Bon après, et de ce que j’en comprends, M Ravier me semble subir sévère l’influence de Macron, jusqu’à le copier dans son principe de base : Quand le vieux monde se meurt, que vous en êtes, et que résister au nouveau qui nait semble peu tenable, faire du neuf avec du vieux (ça permet, à défaut d’autre chose, de reculer les échéances). Et donc là, il veut nous refaire un “”petit” système” du même tonneau : Lui, il pointe (là haut) et revient rapido, son frère, sur le terrain, il tire (à vue?), et sa nièce de première adjointe Mm D’Angio, garde la maison…. Bon, ça peut paraitre bien petit, mais il faut un début à tout, et m’est avis qu’il nous la joue modeste là. Les électrices teurs feraient bien d’y prendre garde.
Après, si comme vous le dites, il s’inspire surtout de Gaudin et de sa prise de pouvoir par palliers, là c’est autre chose.

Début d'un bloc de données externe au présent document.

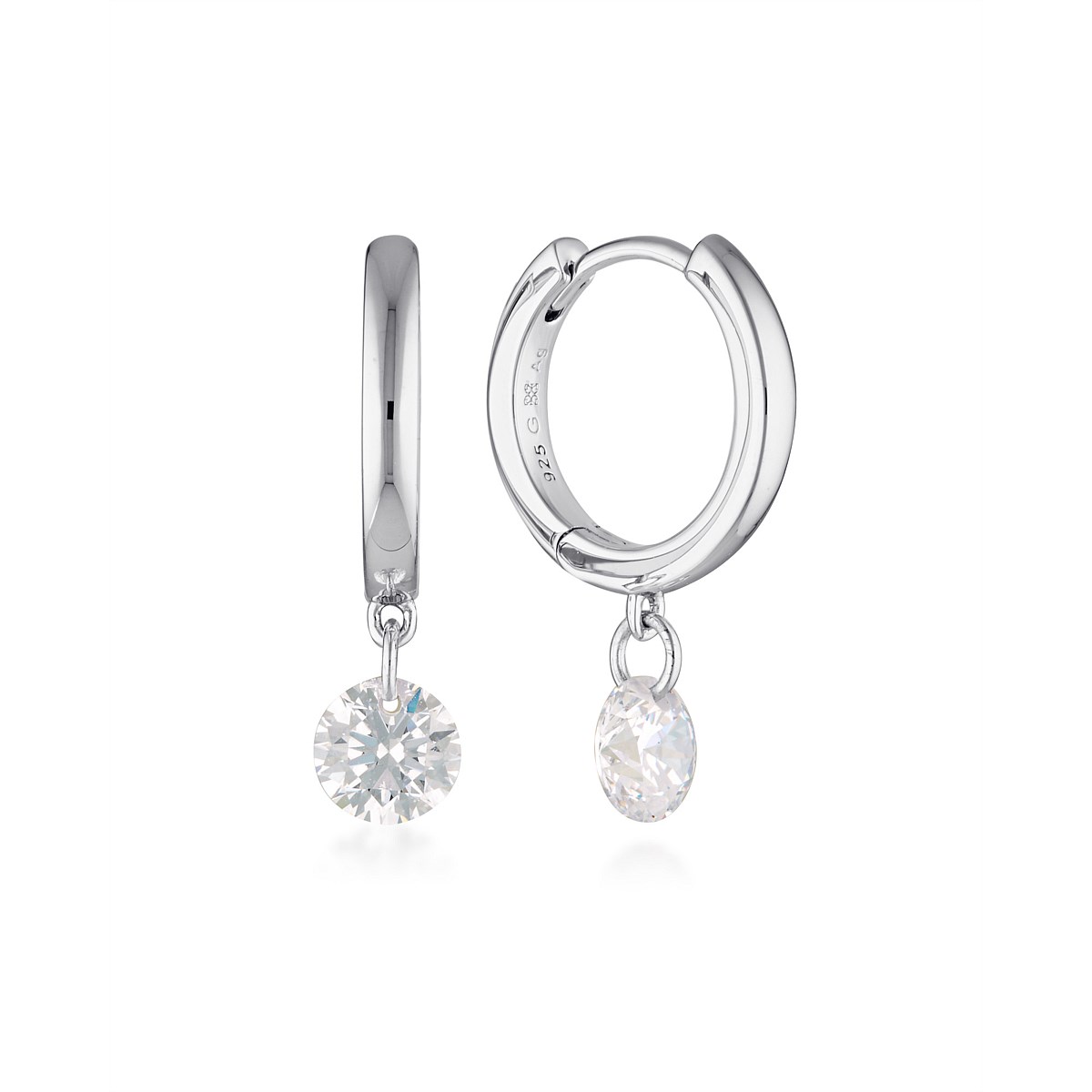 The focal point of the design is a mesmerising 6.25mm floating white cubic zirconia suspended delicately within the hoop. This brilliant cubic zirconia captures and reflects light with every movement, creating a dazzling display that adds a touch of glamour to any occasion.

Il faut reconnaitre que faire la synthèse Macron/Gaudin c’est vraiment ambitieux, mais assez craignos et plutôt casse gueule!
Bon, je m’égare un peu là… En fait j’étais venu là, attiré par le titre phare de Marsactu “La boxeuse contre le FN”, et ne voulant pas rater le match. Mais de “boxeuse” y en a toujours pas; Me voila bien déçu! Je pense que j’ai du me gourer dans ces découpages de circo; ce doit être une “arlésienne” cette combattante!